**Task prompt**
Within the entries below, please retype exactly the lines starting with the line that has "- There is not" and going on through the line that has "大勢の家族連れが健康を願った真光寺のだんごまき (2015/02/17)", but not the pictures.

**Input for this task**

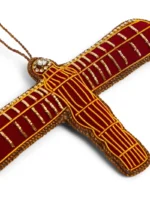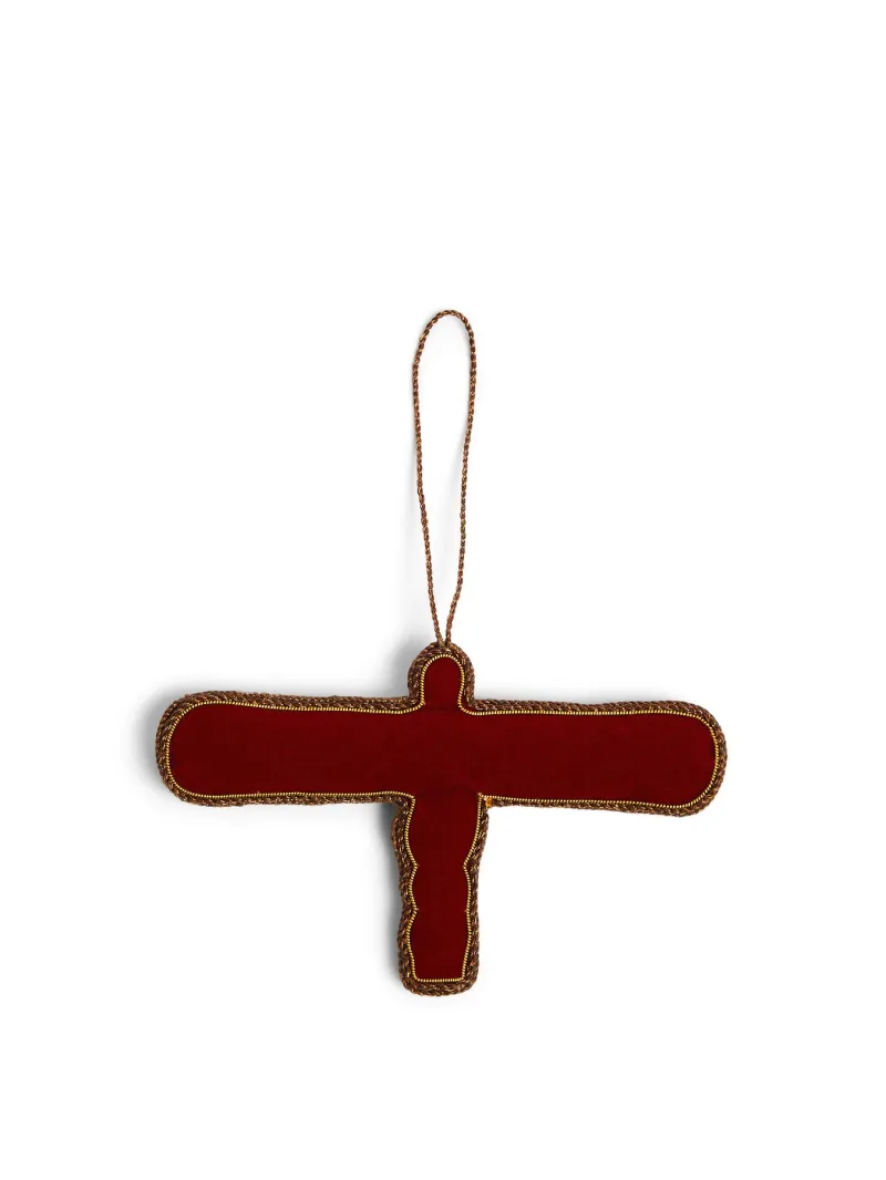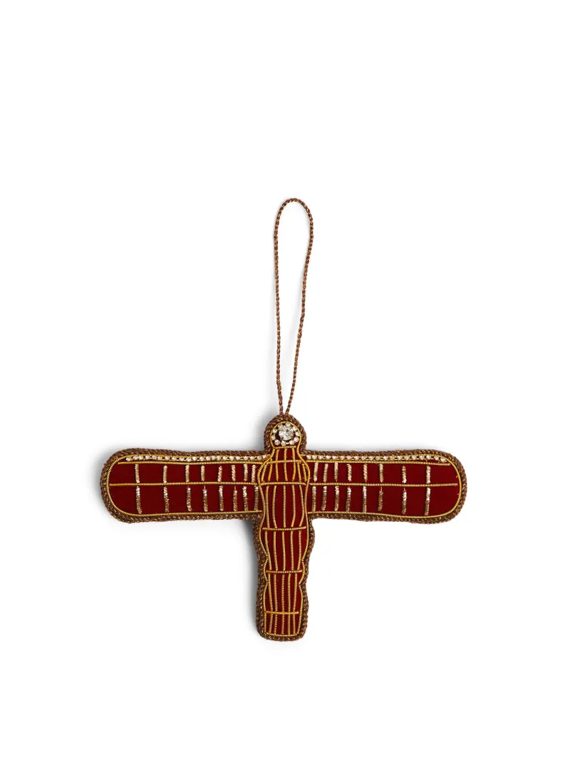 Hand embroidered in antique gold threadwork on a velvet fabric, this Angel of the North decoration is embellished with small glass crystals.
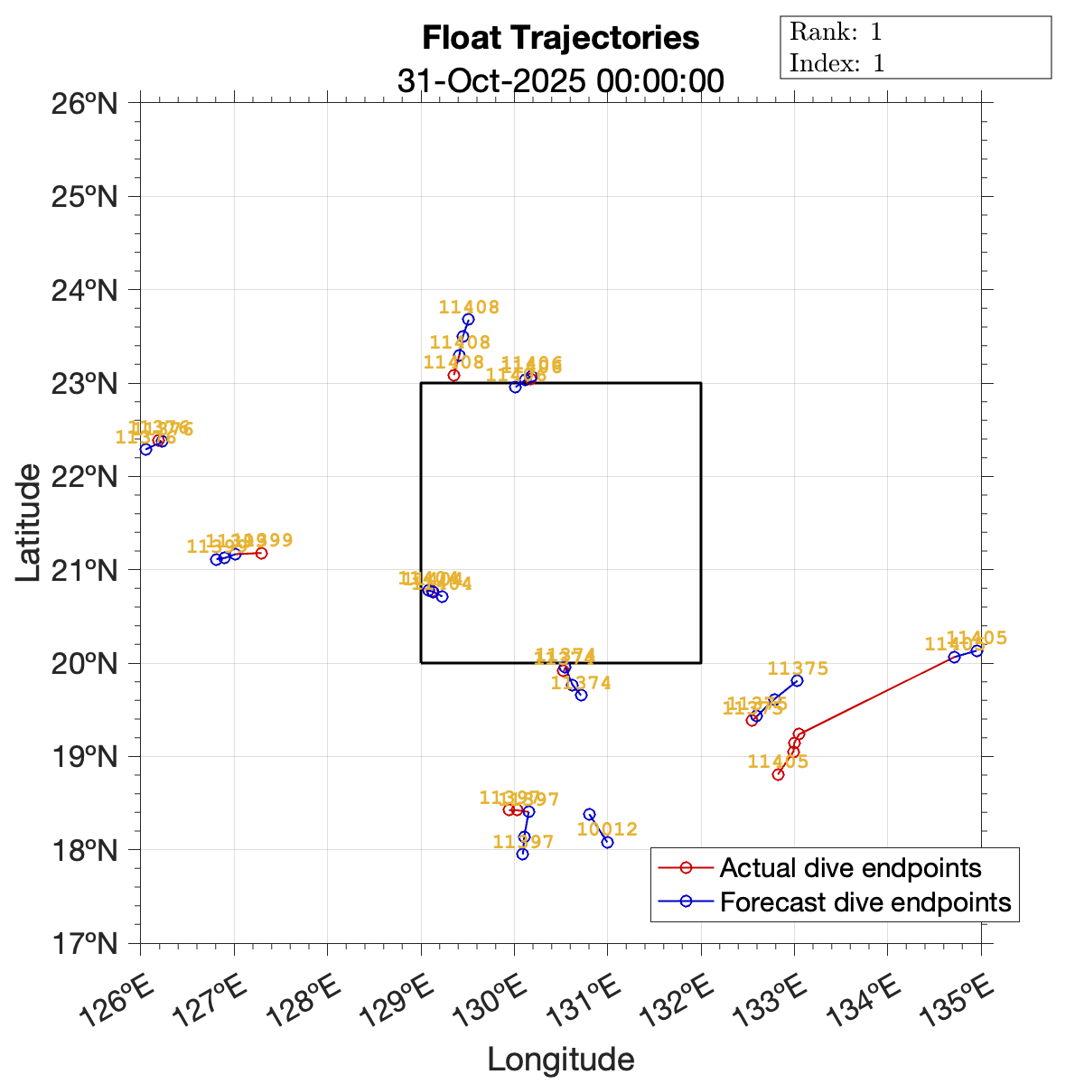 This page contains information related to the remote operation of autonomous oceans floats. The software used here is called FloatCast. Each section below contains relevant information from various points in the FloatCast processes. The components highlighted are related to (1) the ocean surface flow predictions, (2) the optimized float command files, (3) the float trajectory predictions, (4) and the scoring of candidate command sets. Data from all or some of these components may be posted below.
* * *
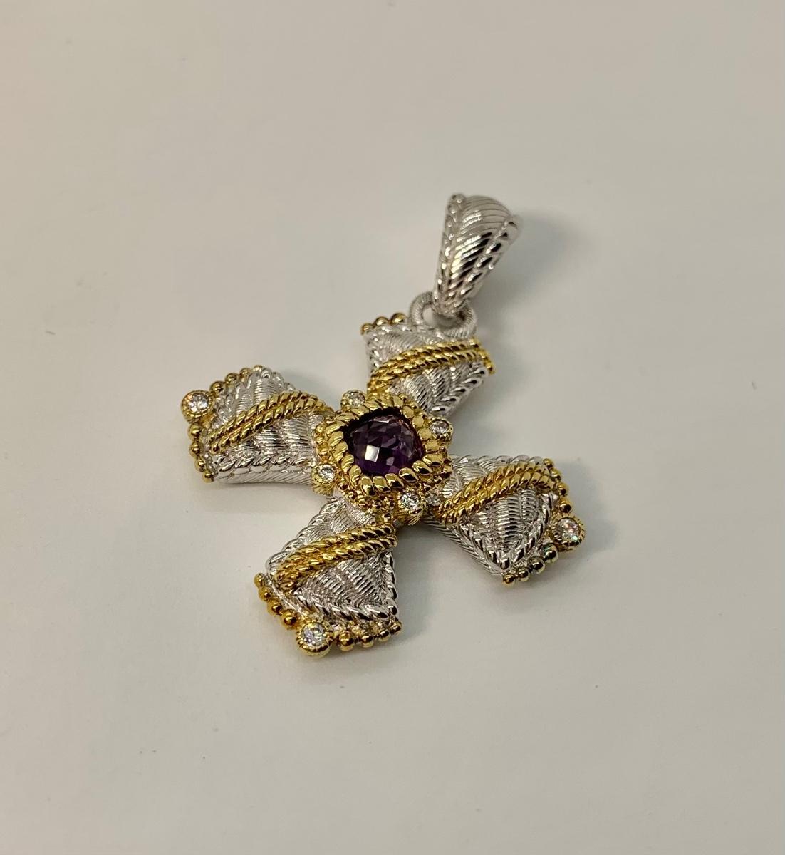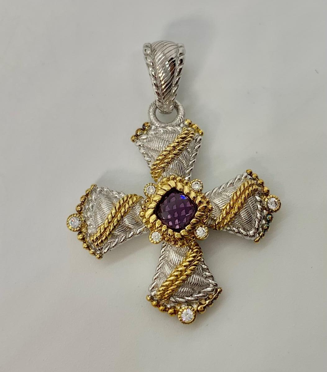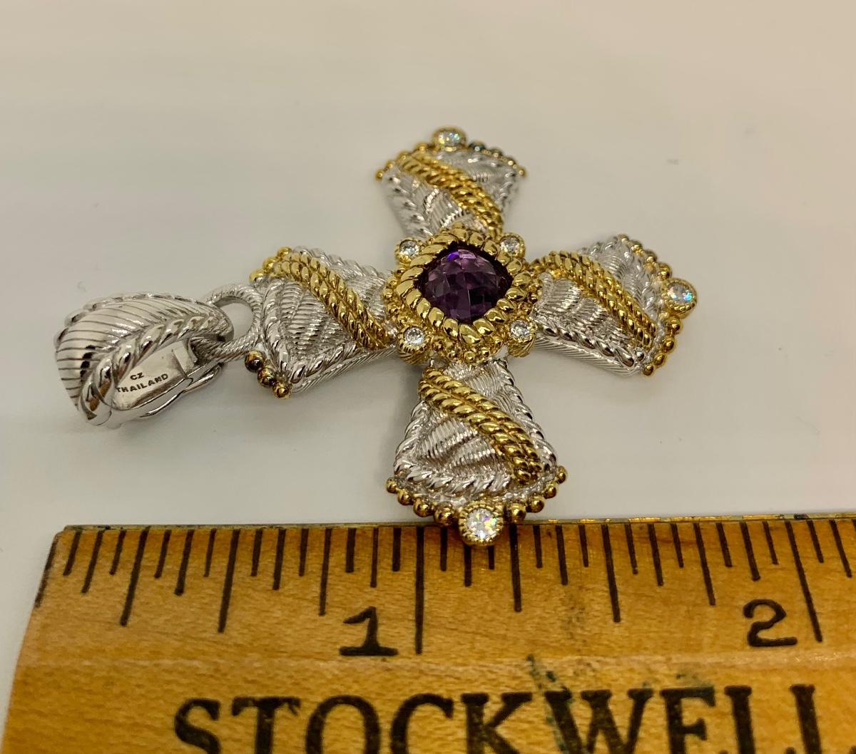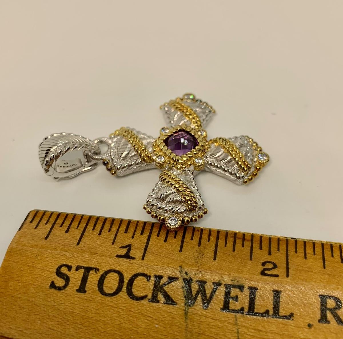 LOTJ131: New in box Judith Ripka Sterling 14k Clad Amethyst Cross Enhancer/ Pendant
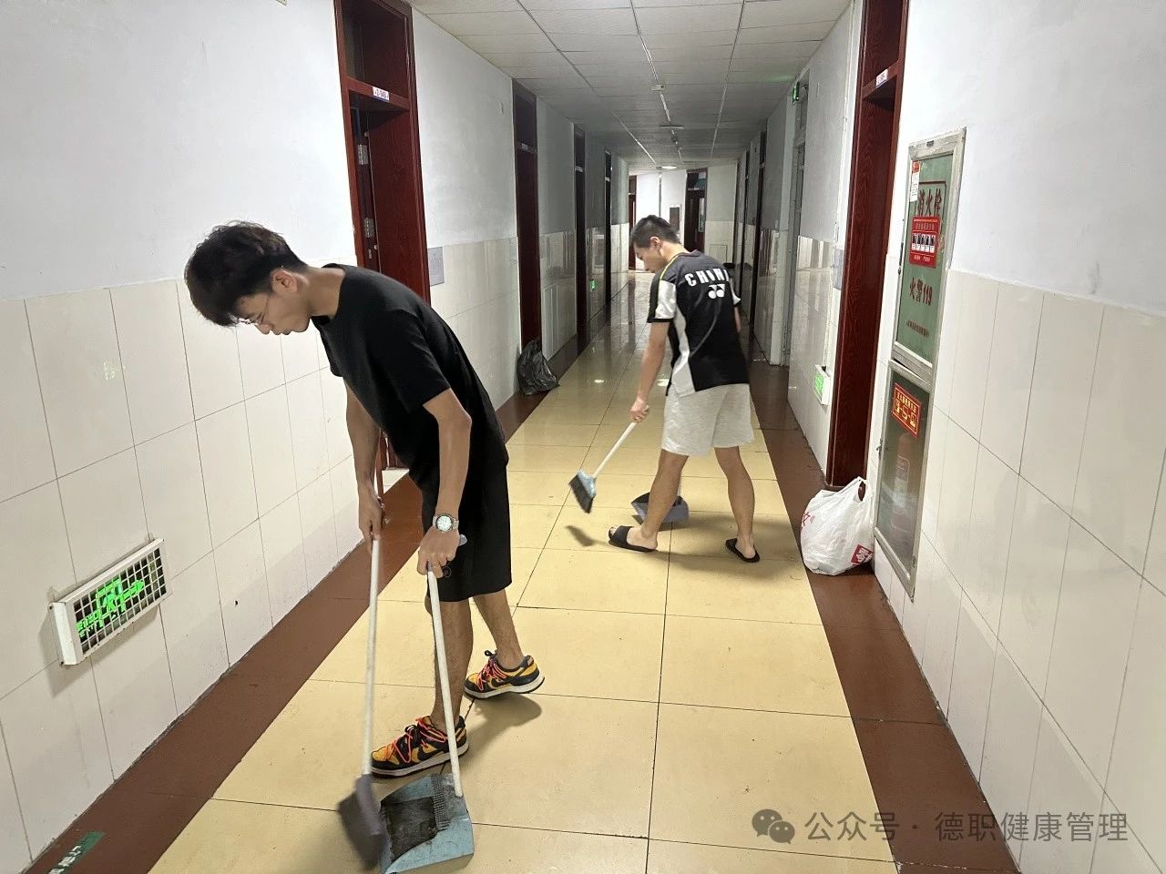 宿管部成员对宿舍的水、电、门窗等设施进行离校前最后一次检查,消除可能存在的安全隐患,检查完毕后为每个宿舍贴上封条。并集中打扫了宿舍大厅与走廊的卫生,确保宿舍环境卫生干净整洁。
--
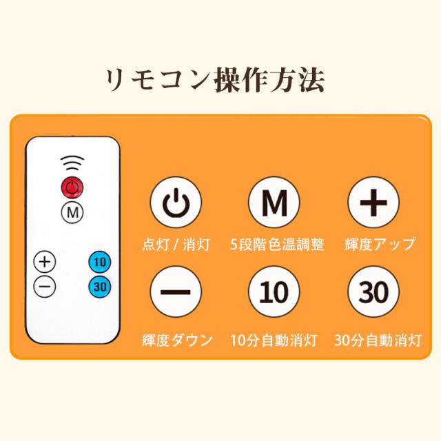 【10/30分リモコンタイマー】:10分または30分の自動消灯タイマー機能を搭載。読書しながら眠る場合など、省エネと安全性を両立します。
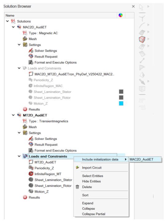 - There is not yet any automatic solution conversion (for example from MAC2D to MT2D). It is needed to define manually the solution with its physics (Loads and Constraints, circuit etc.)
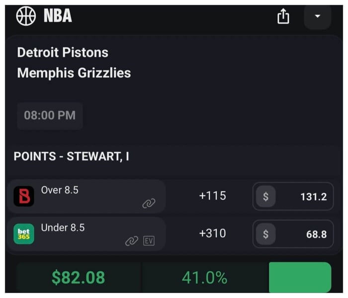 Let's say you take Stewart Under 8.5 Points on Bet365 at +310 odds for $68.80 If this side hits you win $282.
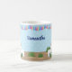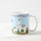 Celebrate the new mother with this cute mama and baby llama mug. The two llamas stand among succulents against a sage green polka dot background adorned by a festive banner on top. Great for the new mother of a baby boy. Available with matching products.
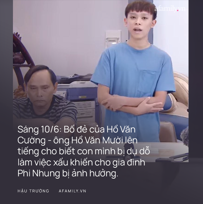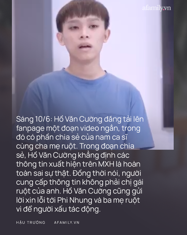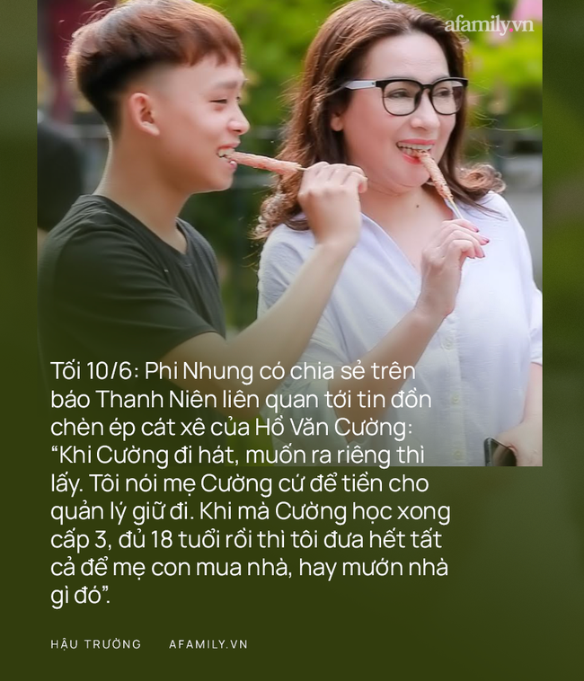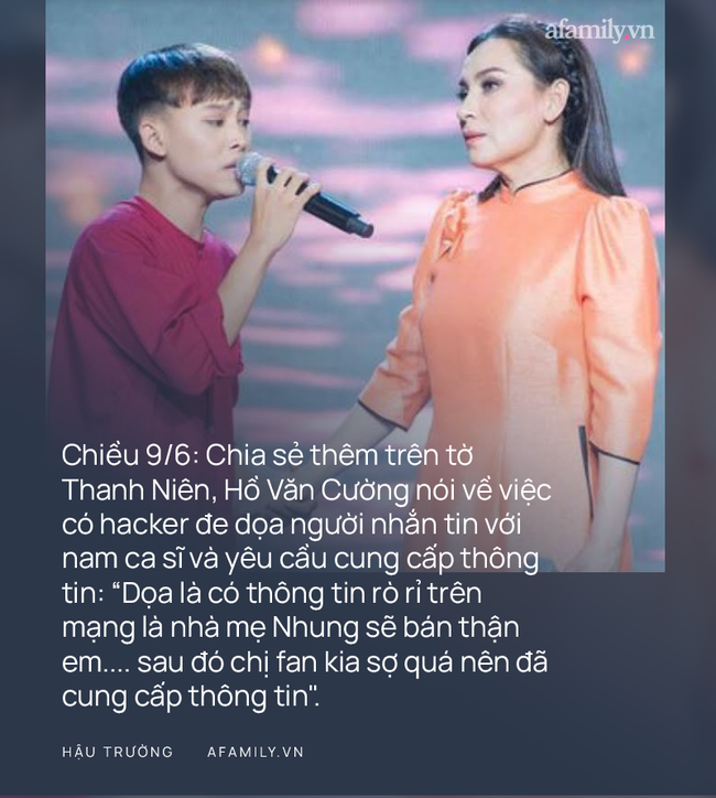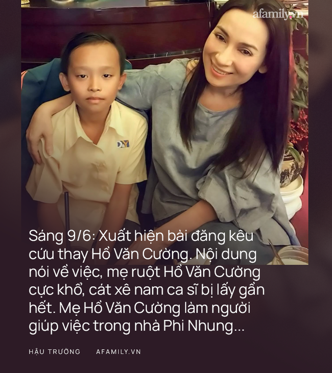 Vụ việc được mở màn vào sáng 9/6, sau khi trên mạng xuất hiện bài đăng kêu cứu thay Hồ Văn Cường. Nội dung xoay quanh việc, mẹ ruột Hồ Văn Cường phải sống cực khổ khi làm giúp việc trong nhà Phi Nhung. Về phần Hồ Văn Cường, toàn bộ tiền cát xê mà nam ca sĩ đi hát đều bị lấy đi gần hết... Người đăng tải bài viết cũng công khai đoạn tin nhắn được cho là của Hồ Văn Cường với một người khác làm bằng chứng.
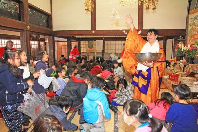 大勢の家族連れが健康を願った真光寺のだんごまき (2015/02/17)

**Final answer**
 - There is not yet any automatic solution conversion (for example from MAC2D to MT2D). It is needed to define manually the solution with its physics (Loads and Constraints, circuit etc.)
 Let's say you take Stewart Under 8.5 Points on Bet365 at +310 odds for $68.80 If this side hits you win $282.
 Celebrate the new mother with this cute mama and baby llama mug. The two llamas stand among succulents against a sage green polka dot background adorned by a festive banner on top. Great for the new mother of a baby boy. Available with matching products.
 Vụ việc được mở màn vào sáng 9/6, sau khi trên mạng xuất hiện bài đăng kêu cứu thay Hồ Văn Cường. Nội dung xoay quanh việc, mẹ ruột Hồ Văn Cường phải sống cực khổ khi làm giúp việc trong nhà Phi Nhung. Về phần Hồ Văn Cường, toàn bộ tiền cát xê mà nam ca sĩ đi hát đều bị lấy đi gần hết... Người đăng tải bài viết cũng công khai đoạn tin nhắn được cho là của Hồ Văn Cường với một người khác làm bằng chứng.
 大勢の家族連れが健康を願った真光寺のだんごまき (2015/02/17)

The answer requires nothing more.